* Work order *
Dropping every picture, set down exactly the lines in the entries below, starting with the line with "2. Соломатин Д." and going on through the line with "- 左鎖骨上部の皮膚に4cm".

* Data extract *
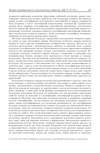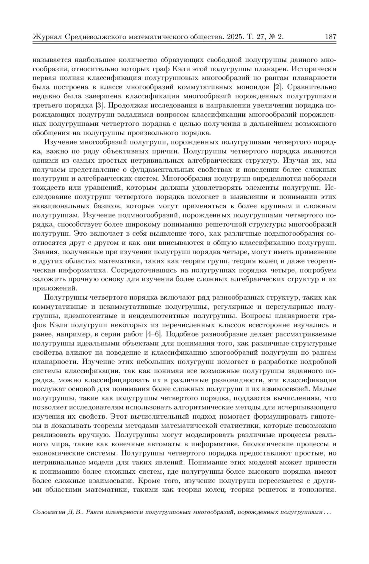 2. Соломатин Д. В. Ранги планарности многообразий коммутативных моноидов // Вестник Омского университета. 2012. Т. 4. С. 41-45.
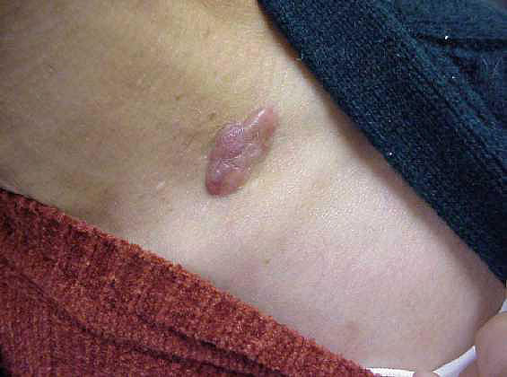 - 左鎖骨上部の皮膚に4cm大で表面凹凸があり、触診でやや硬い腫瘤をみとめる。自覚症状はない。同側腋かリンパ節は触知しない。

--

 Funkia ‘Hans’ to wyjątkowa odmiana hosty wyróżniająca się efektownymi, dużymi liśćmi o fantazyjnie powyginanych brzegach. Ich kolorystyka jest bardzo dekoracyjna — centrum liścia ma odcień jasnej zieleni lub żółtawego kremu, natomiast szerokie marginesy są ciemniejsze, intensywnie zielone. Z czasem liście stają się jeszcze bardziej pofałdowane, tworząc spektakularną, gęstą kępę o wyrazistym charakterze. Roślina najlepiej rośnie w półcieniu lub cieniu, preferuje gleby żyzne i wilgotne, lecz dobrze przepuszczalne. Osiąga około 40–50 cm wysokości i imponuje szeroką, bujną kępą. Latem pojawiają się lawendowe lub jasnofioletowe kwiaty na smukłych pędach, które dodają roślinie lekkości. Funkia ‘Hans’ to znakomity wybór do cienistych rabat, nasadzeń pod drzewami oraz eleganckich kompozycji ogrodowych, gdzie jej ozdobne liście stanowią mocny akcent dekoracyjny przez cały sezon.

---

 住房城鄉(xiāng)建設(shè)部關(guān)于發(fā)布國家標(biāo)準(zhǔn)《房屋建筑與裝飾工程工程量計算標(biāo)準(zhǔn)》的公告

* Expected output *
 2. Соломатин Д. В. Ранги планарности многообразий коммутативных моноидов // Вестник Омского университета. 2012. Т. 4. С. 41-45.
 - 左鎖骨上部の皮膚に4cm大で表面凹凸があり、触診でやや硬い腫瘤をみとめる。自覚症状はない。同側腋かリンパ節は触知しない。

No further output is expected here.